At UC Davis, student evaluations do have tangible effects, according to Facciotti.
“So, the way the evaluations work on campus is that there are two mandatory questions that get asked [to students], and the results from those questions go directly into a faculty member’s merit and promotion package,” Facciotti said.
The order in which evaluation questions are asked can influence students’ responses, according to Facciotti.
“We have to put [the mandatory questions] first, because the campus wants to make sure that, you know, if students drop out halfway through a survey, they’ve at least answered those two mandatory ones,” Facciotti said. “So, they’re the least informative [but] they’re the most impactful for your merit and promotion. If you give the student a moment to think about the elements of the class, and then they reflect on the value of the class and the instructor, they’re usually a little more generous.”
Chamberlain expressed his own doubts about the evaluations.
“I think it’s difficult for anybody to separate the course and the professor,” Chamberlain said. “You could take the same course for two different professors and have different experiences and that would give you more perspective. But most people don’t do that.”
The average response rate from students is 65%, according to Academic Course Evaluation (ACE) — a site which UC Davis uses for end-of-quarter evaluations. The two mandatory questions that impact an instructor’s merit and promotion are: “Please indicate the overall educational value of the course” and “Please indicate the overall teaching effectiveness of the instructor.”
These questions ask for a ranking on a scale from zero to five.
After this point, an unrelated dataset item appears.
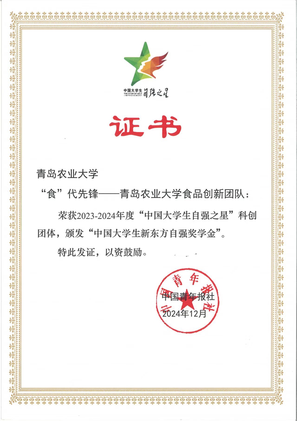 “中国大学生自强之星”推选活动由共青团中央、全国学联指导,团中央基层建设部、中国青年报社、新东方教育科技集团、中国青年创业就业基金会联合举办,自2007年起已连续举办17年,共产生1.2万余名“中国大学生自强之星”。本年度推报活动以“自信自强 挺膺担当”为主题,号召广大青年在科技创新、乡村振兴、绿色发展、社会服务、卫国戍边等各领域各方面挺膺担当,展现新时代中国青年有理想、敢担当、能吃苦、肯奋斗的风采。经学院申报、学校审核、省级初评、全国终审等环节,共产生1610名“中国大学生自强之星”个人、100个“中国大学生自强之星”科创团体和32个优秀组织单位。
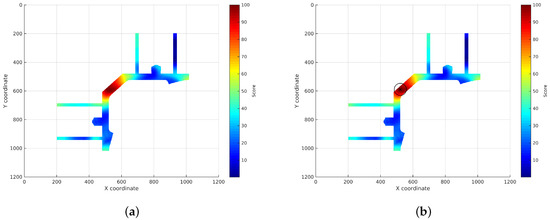 Figure 5. Resulting surface applying a mask of the environment to allow only reachable coordinates. (a) Masked surface to the reduce allowed locations; (b) location of the device. - Estimation of the device location:Finally, the location of the device will be estimated as the coordinate with the highest score in the resulting masked surface (Figure 5b).

Both answers on average are between 4.0 and 4.1.
Chamberlain also shared her thoughts on the difference between the comments she receives.
“Interestingly, the feedback on ACE, the university platform [for student evaluations], to me feels much more constructive and/or polite,” Chamberlain said. “The feedback that I saw in the past on Rate My Professors felt way more hurtful — like it was a person venting. The phrasing is more hurtful, even if it’s the same sentiment.”
Facciotti, who teaches a chemistry class with hundreds of students every year, described the extreme difference in responses he receives on Rate My Professors.
“In [one review, I could be] the greatest instructor that somebody’s ever had [and have] changed their life,” Facciotti said. “And [in another review] I’m a flaming pile of shit [that] should be reported to the dean.”
Gerhart mentioned a controversial part of Rate My Professors that was removed in 2018, several years after the website was created.
“They used to have a chili pepper where you could rate how attractive your professor was,” Gerhart said. “This was universally viewed by faculty as inappropriate, demeaning and kind of gross.”
On Rate My Professors, Chamberlain is listed as one of the most rated professors at UC Davis. Her students have posted nearly 400 ratings based on different courses she instructs here, and that number increases every quarter.
Rate My Professors and quarterly evaluations are the two main ways that students can rate their instructors. They may look different, but they continue to inform students and professors about courses, instructors and overall processes here at UC Davis and beyond.